The reasons for the failings of the solpis project are discussed at length by Takendu and Sadler (1980) and Rodwell (1982). These should be consulted for further information.
The following factors are highlighted with respect to experiences with the solpis project:
the project concept was based on assumptions on yield derived by direct comparisons with African rivers. Although the information of Coates (1985) was not available at the project planning stage, it has been known since the mid 1800's that PNG had a quite different freshwater fish fauna to other regions - particularly a lack of “true” freshwater fishes. A moment's caution with yield estimates, or, even better, some better estimates actually from the Sepik, might have prevented possible over-optimism at the planning stage. This indicates the danger of undertaking planning and investment based on potentially inaccurate yield/production estimates;
there were fundamental flaws in the economic logic of the project. In particular:
the very high infrastructure costs involved with the development of a previously undeveloped fishery in a remote area;
the economic analyses at the level of the fisherman in terms of the effort expected to be expended on solpis production compared with their returns. Takendu and Sadler (1980), for example, remark that fishermen obtained approximately four times the price for smoked fish, and three times for fresh fish, than they did via the extra effort producing solpis;
the project appears to have been funded more from the point of view of the amount of money available rather than the amount of fish being produced. In this respect it is worth noting that “warning bells” were sounding in year one of the project, yet investment and expenditure continued as originally planned.
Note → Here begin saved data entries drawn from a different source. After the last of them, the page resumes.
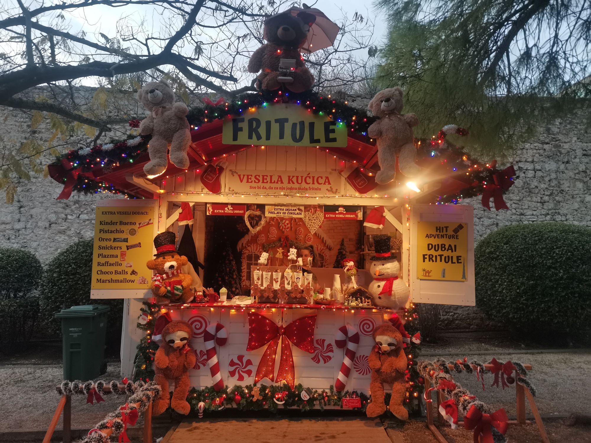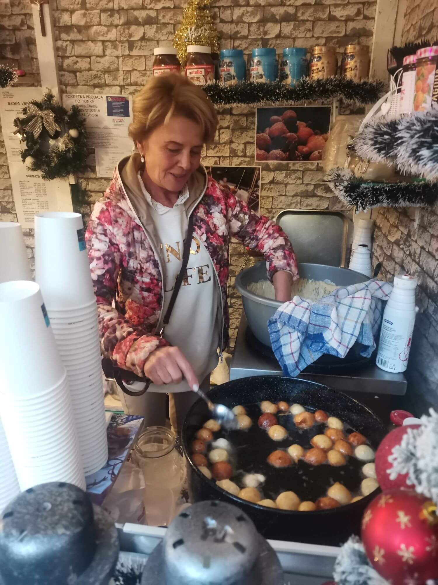 – Umirovljenici najčešće uzimaju velike fritule za pet eura, samo sa šećerom. To bude krcato, a mi uvijek dodamo još koju ekstra. Bake nam kažu da nema šanse da ih peku, jer ih se stvarno puno dobije. Sada su počeli dolaziti po Dubai, jer žele probati. Jedan stariji par nam je rekao da radije dođu tu, nego u pekaru. Već su najavili kada im stigne 80 eura od Vlade, da dolaze po tri paketa fritula. Čaša je četiri eura, a velike fritule u plitici s dodacima su pet eura. Ekstra dodaci se naplaćuju jedan euro. Dubai fritule su šest eura, a velike sedam. Ljudi su potpuno poludjeli za njima. Ne žali se nitko na cijenu, jer najčešće podijele porciju. Na Adventuri smo već osmu godinu, svi već znaju za našu Veselu kućicu, kaže nam Antonia Lelas Jadrijević ispred obrta Žana.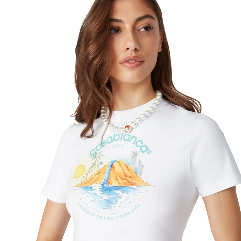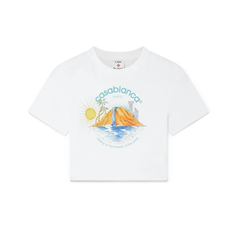 Oasis Cropped T-shirt är en kortärmad T-shirt med tryck, tillverkad av ekologisk bomull, med husets säsongsbetonade konstverk med designelement från naturen, arkitektur och tennis. Avslutas med en klassisk rund hals. Designad för att sitta ovanför naveln.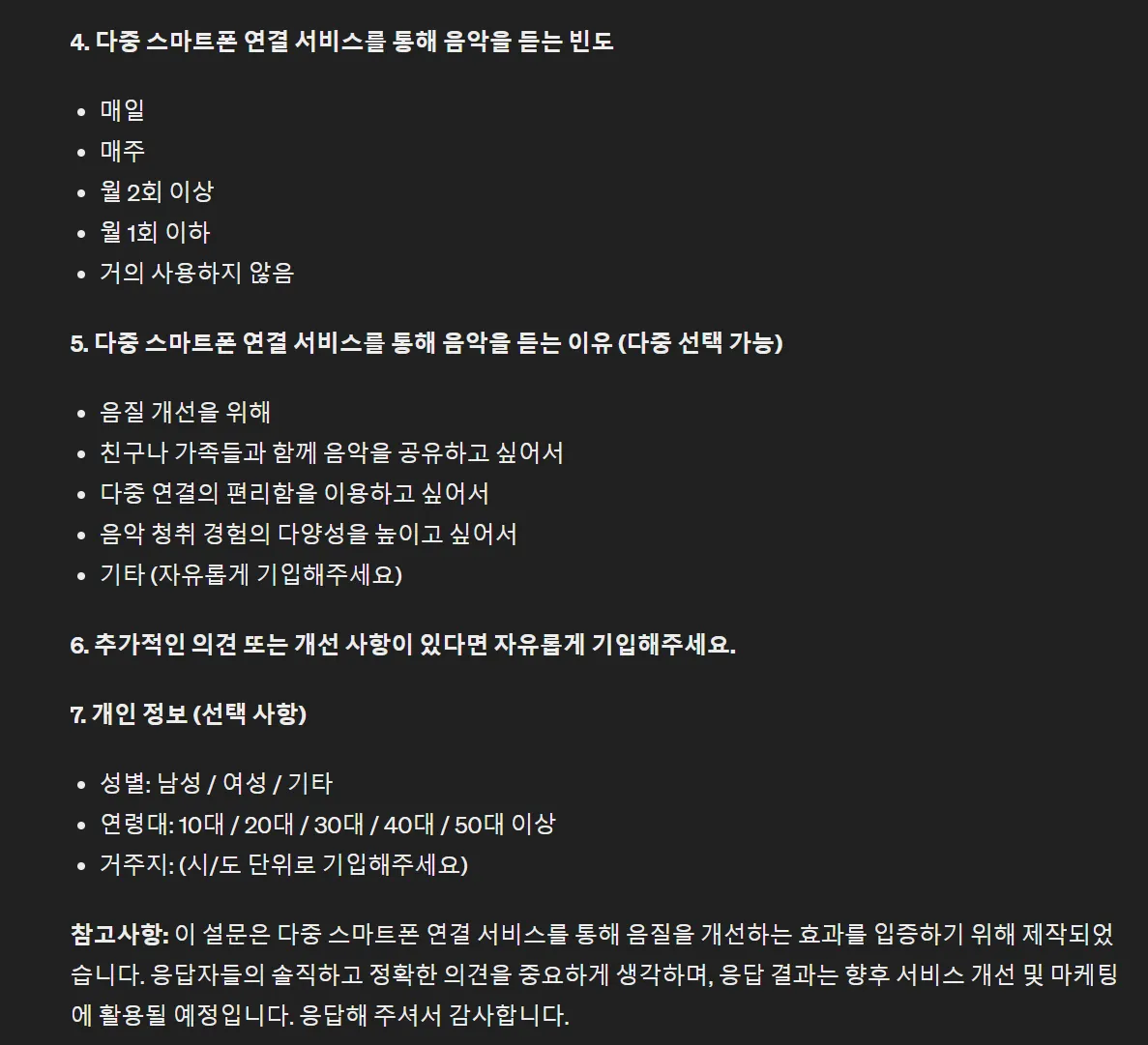 참고해서 설문지를 만들면 되겠습니다. 물론 설문지와 GPT와 함께 만들면 되죠.
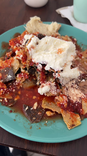 Read moreLos chilaquiles hay que revolverlos bien para que realcen su sabor, ya que al inicio por separado puede aparentar un poco sin sabor, con cebolla, crema, queso y un poco de proteína revuelto tienen un sabor muy agradable. Es pequeño el lugar con una gran variedad de chilaquiles, picosos como habanero o sin picante, están ricos. Eso sí, lleven sus frijoles porque no tienen 🤣.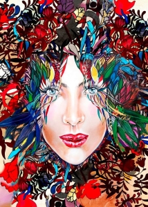 Art-plakat „Kolor 4” vel "Multicolor" 70/100 cm to kopia obrazu Maggie Piu z cyklu „Medusy”, będącego studium kobiecego piękna wyrażonego w spojrzeniu, rysach twarzy, emocjach i zanurzonego w baśniowej wyobraźni.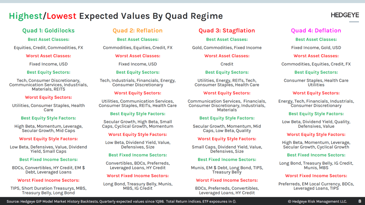 We subscribe to 3rd party research. One of these parties is Hedgeye Risk Management. Without going into too much detail, one of Hedgeye’s models is their GIP (Growth Inflation Policy) model. In this model the two factors that are most consequential for forecasting future financial market returns are Economic Growth and Inflation. The model tracks both on a y/y rate of change basis to better understand if growth and inflation are heating up or cooling down. This results in four possible outcomes, each which is assigned a “quadrant” and the typical government response as a result. This model is back tested with the chart below showing the different quads and what typically works well or doesn’t work well in each, ranked in order. This helps us use a top-down approach as our principal orientation to get into the bottom up.
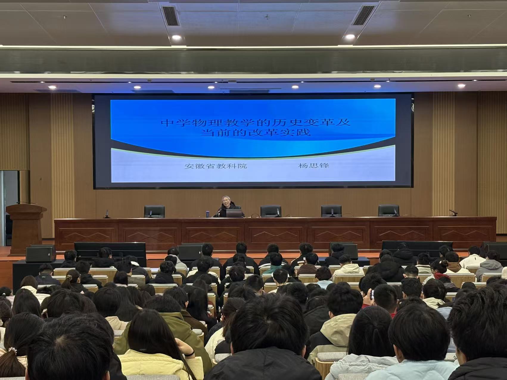 在文典楼西裙楼三楼报告厅举行《班级管理指导与训练》课程暨师范生教育教学能力提升系列讲座。本次活动邀请安徽省教育科学研究院物理教研员、中学特级教师杨思锋以及安徽省特级教师、安徽省首届江淮好班主任、“马鞍山市名班主任工作室”主持人、正高级教师方升钱作为主讲嘉宾,开展了两场精彩的教学分享。学院院长吕建平、物理系副主任汪志荣、辅导员邹孝龙,2023级物理学(师范)专业全体本科生及部分学科教学(物理)专业研究生参加讲座。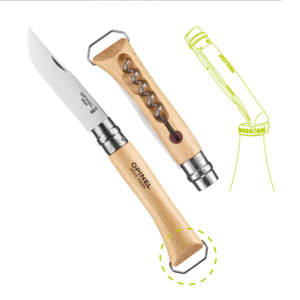 Комплектът нож Opinel No.10 е с удобна приставка за отваряне на бутилки. Този нож е идеален за следващия ви пикник! Изработен с дръжка от букова дървесина, той разполага с 5-оборотна стоманен тирбушон, който може да се справи дори с най-упоритите тапи. Освен това в края на дръжката е разположена патентована отварачка за бутилки, която ви позволява без усилие да отваряте любимата си бутилирана напитка.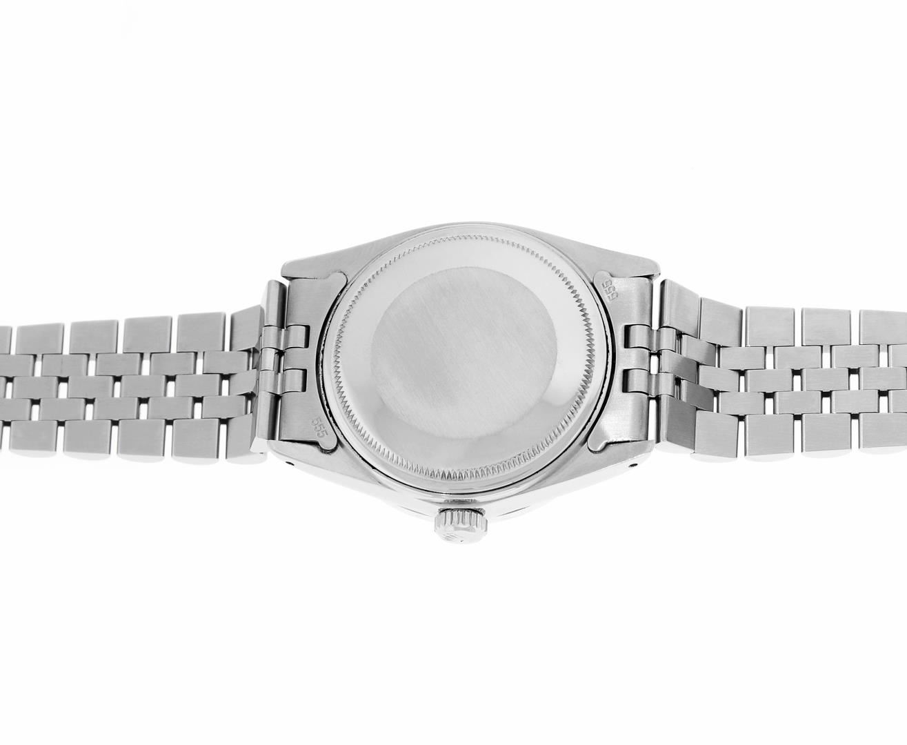 One Mens Pre Owned Stainless Steel Rolex Datejust Polished, Serviced & Electronically Tested, Rolex Stainless Steel Case: 36mm, Rolex Stainless Steel Crown, Custom Bezel: New 18K White Gold Beadset Diamond Bezel, Diamond Count: 44 Diamonds, Total Weight 1.00 Carat, Clarity: SI-VS, Color: G to H. Custom Crystal: New Sapphire With Magnified Date Window. Custom Hands: New Luminescent Hands. Rolex Movement: Automatic Winding Movement 3035. Rolex Dial: Silver Index With Dash Track And Lumi Dot. Date Window: 3 O'Clock Position Date Display, Quickset, Model: Datejust, Condition: G-6 Extra Fine. Rolex Bracelet: Stainless Steel Jubilee Band. Bright Polish & Satin Finish. 7.0 Inch Length, Adjustable. Standard Clasp, With Rolex Logo. This Watch Has Been Serviced Time Tested And Is In Excellent Condition It Is Free Of All Scratches And Dents.

The problems with the solpis project arose mainly for economic reasons and from poor planning, over-optimism, over funding and a lack of appreciation of what was actually happening in the real situation.
The technical aspects of the project produced few problems. A fine quality produce was actually produced and the demand for solpis was high (provided the project could ship it to areas where it was required at a competitive price - which it could not). The people involved at the technical level are to be commended on their enthusiasm. The employment of intermediate technology (e.g. Richards 1979) in the project was regarded by Bardach (1977) as one of the best he had seen in developing countries. The ability to transport fish from this region to other areas was a major achievement, unfortunately, belittled by over-riding economic and social failure.
Despite the constraints outlined above, the project was still being expounded in 1984 as a real alternative to imported tinned fish (Stuart 1984).
Coates (1985), on the basis of fishery surveys, noted the low yields achieved from the Sepik River compared with other regions and suggested that a major constraint to development might be the inappropriateness of the resident fish stocks. Coates also noted the success of previously “accidentally” introduced species, for example, Sepik tilapia presently account for half of the catch from floodplains. One logical way of improving the fishery might be to introduce further species of fish. However, there may be environmental considerations here, depending whether or not introduced species affected existing fishes. This whole problem was discussed at length by Coates (1987) who suggested that stocking be seriously and rationally evaluated with due regard to further research and adherence to codes of practice relating to species transfers. Stemming from this work the Sepik River Fish Stock Enhancement Project was formulated in 1986 and initiated in March 1987. The project, primarily funded by UNDP, is implemented jointly by FAO and the PNG Department of Fisheries and Marine Resources (DFMR). An up to date outline of the adopted code of practice concerning the transfer of freshwater fishes is provided by Turner (1988).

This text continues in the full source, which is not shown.